You place your gloved hand on my shoulder. “These things affect all marriages,” you say. “And her eating habits are not so bad. . . .”
“You shouldn’t have said that,” I tell you later, as we undress. “She was suspicious already.”
You shrug, releasing your hands from their disguises. “We are clearly eccentric.”
I say, “Do you think she believed us?”
The Immigration woman’s tiny card is on the dressing table. You’ve seen it, but are waiting until I tell you.
We descend to the porch. Claw marks on your bar gleam bare metal in the lamplight.
“Well, goodnight,” I say, pulling my dressing-gown around me. “Will you be out long?”

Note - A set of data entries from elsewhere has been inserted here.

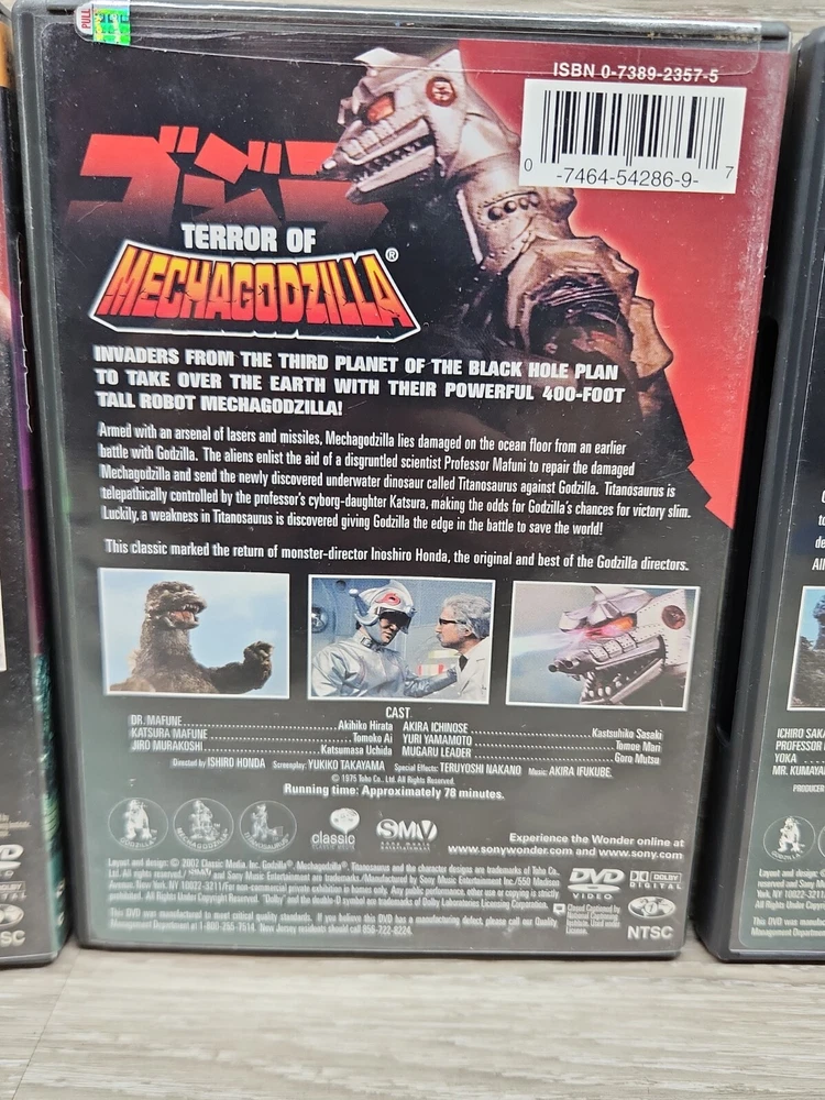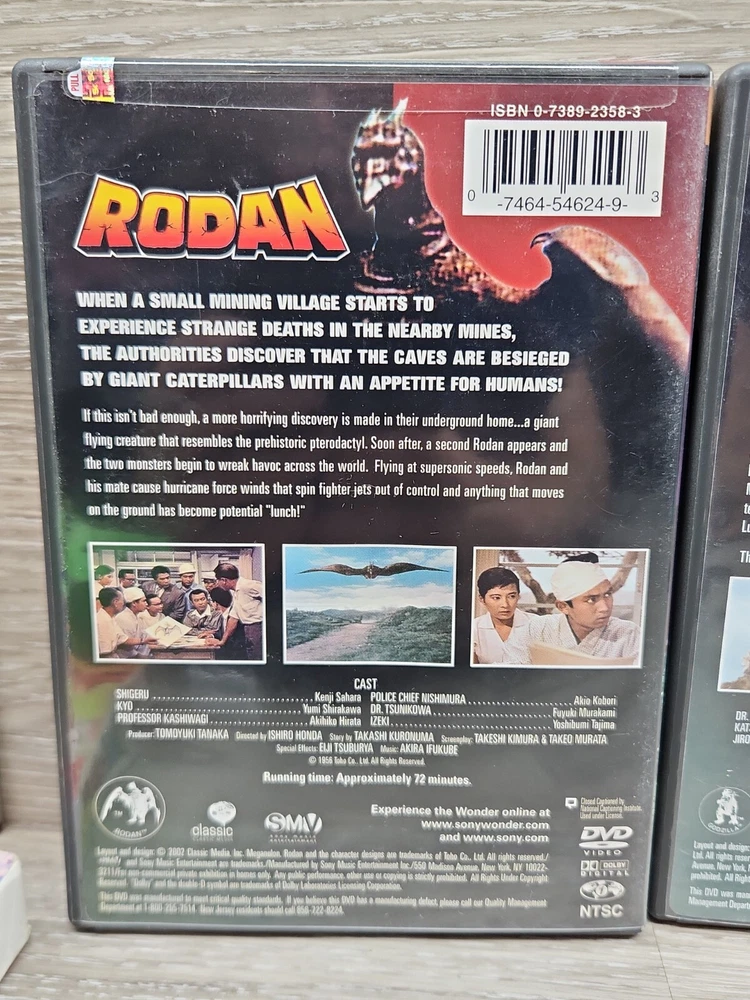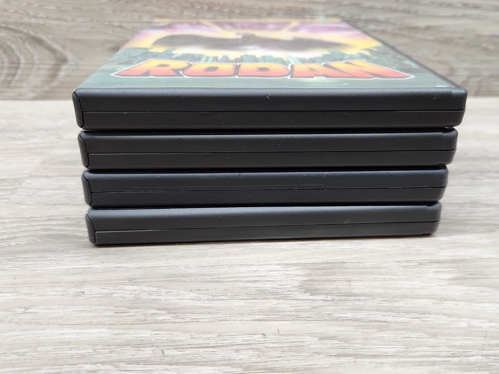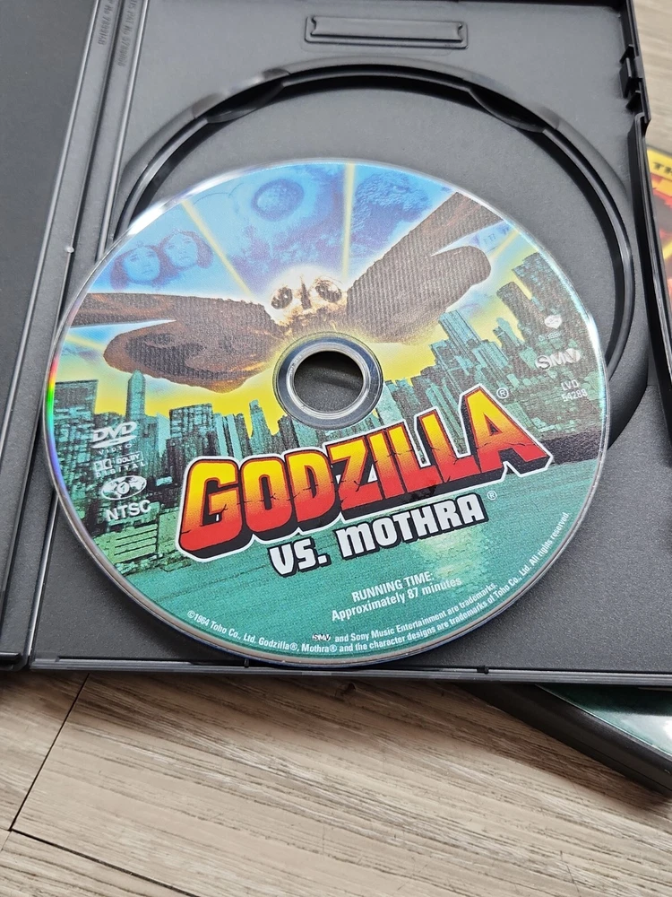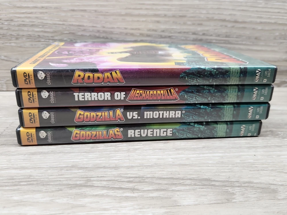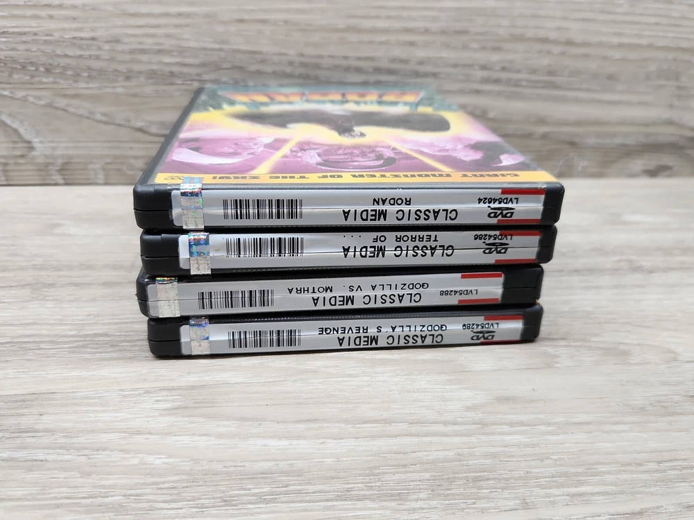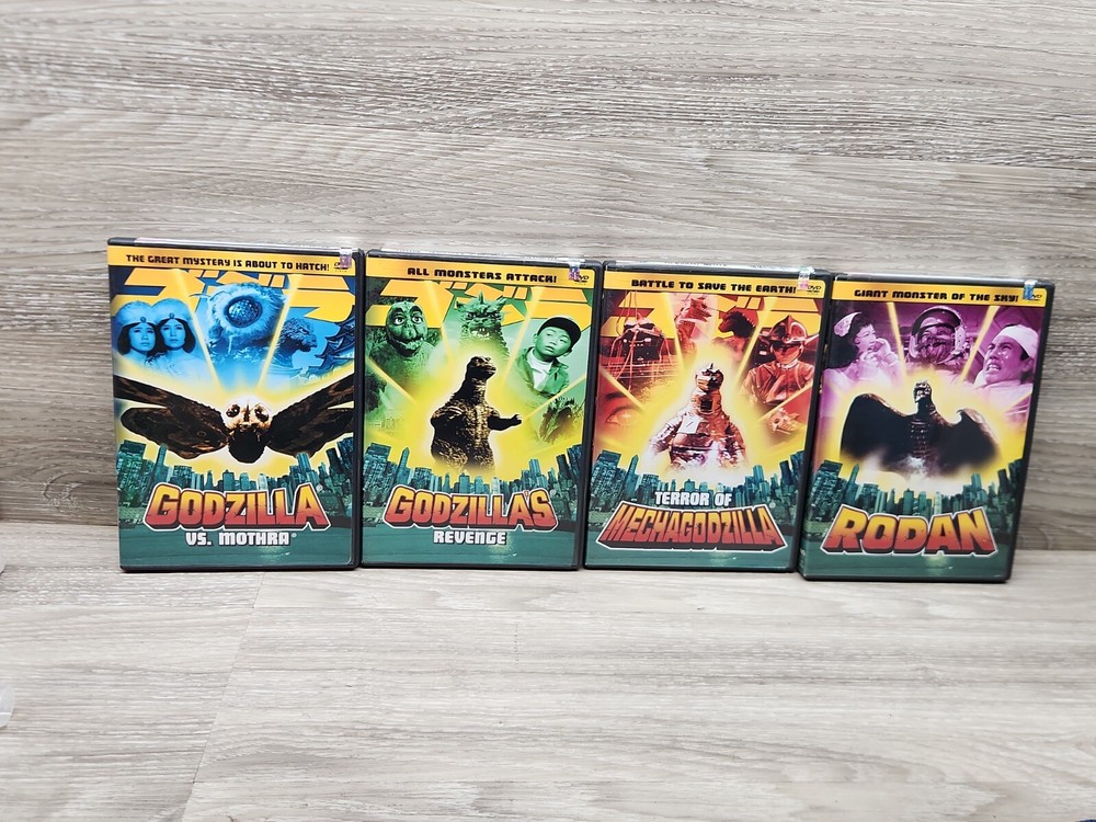 B-3 Pre-owned Free shipping ( media mail) So all four discs do play Three of the discs have a haze on them possibly from the manufacturing process of these disc being low quality maybe I'm not sure. The MOTHRA DISC HAS SCRATCHES AS SHOWN IN PHOTOS So the cases are in very good condition as shown in the photos I will guarantee these to your satisfaction that they will play Please look at the photos I see the quality of what you're getting you will receive these actual disk as shown I will secure for shipping I will secure for shipping
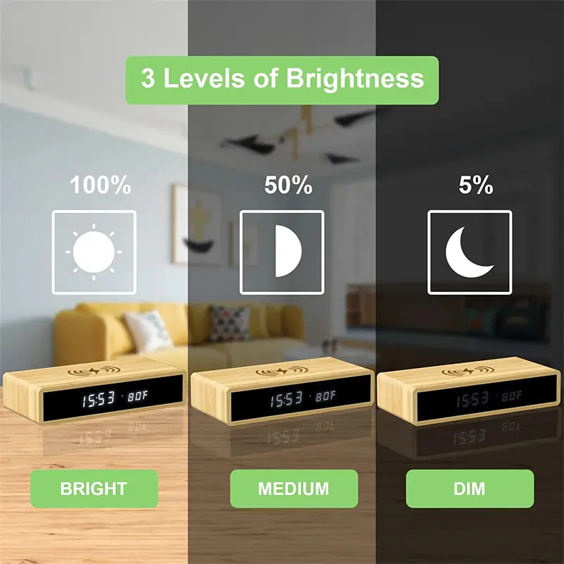 Function: 3 levels brightness/12Hr (24Hr) display/10Min Snooze/Wireless charging/ alarm/temperature display
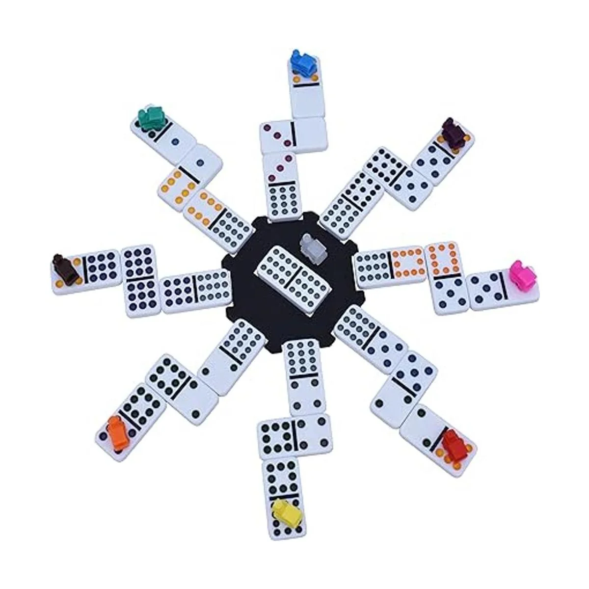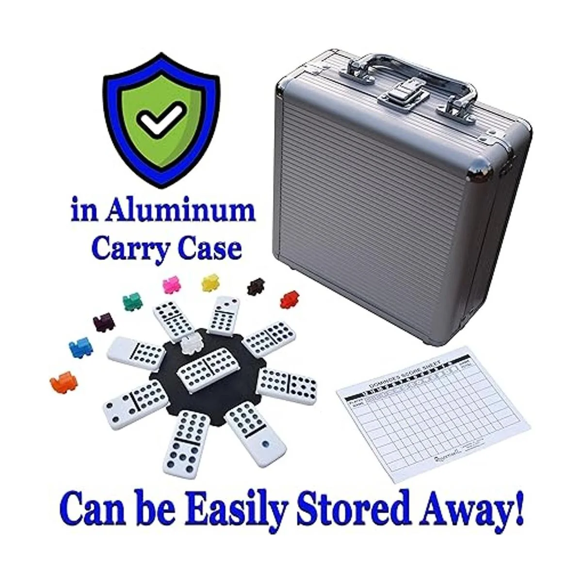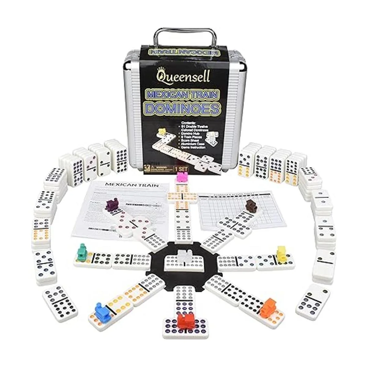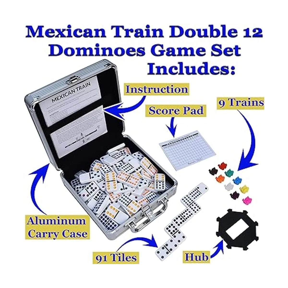Juego todo en uno: el juego de dominó de tren mexicano viene con todo lo que necesitas para pasar un buen rato con familiares y amigos, incluyendo 91 azulejos dobles clásicos, 9 trenes de plástico y un cubo de plástico en una funda de transporte de aluminio reutilizable para asegurarte de que tienes suficiente para jugar con hasta 29 jugadores
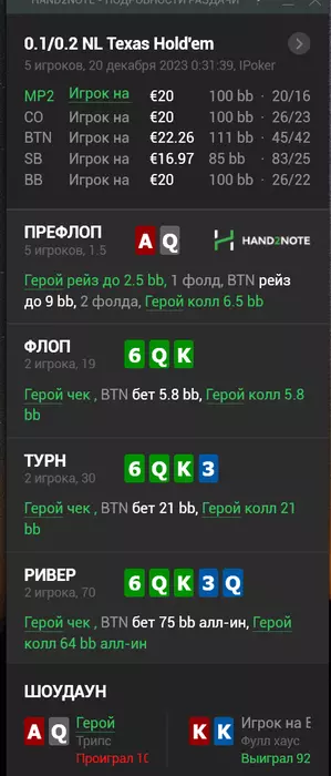 Самую крупную раздачу проиграл на нл20,хз насколько правильно сыграл тёрн,наигрыша с оппом особо не было,но показался агрорегом.
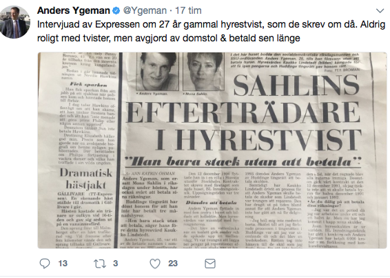 Ja herregud det trodde jag inte om Anders Ygeman att han skulle visa sig ha varit en riktig skurk i sin ungdom. Historien förtäljer att han som 21-åring tillsammans med ett kollektiv förstörde en villa på 90-talet och att han blev skyldig att betala pengar till de tre snickare, som ägde villan men aldrig betalade till dem. Så skamligt!

“Long enough to hunt,” you say. You kick off your boots. Your face is already angled towards the sky.
“I’ll read for a while,” I say. I sigh to myself. I don’t like sleeping while you are out. I worry about you being seen, being shot at.
You clatter across to me, and lay your cheek against mine. “You are free to seek other companions.”
“Not every wife is faithful.”
I wave you away with my book.
“One day,” you say, “my people will be free to live here as they once did, and they will honour your bravery, but also your sacrifice.”
I say, “I’ll see you later.”
I watch your wing unfurl like a giant black umbrella. You launch into the sky, a jagged silhouette against the moon, strange and exquisite. My heart beats, quick but steady. You are right. We have passed the test—we must have. Because whatever the Immigration woman made of our odd marriage, we are not faking.
I ignore my book to watch you fly, and I’m glad.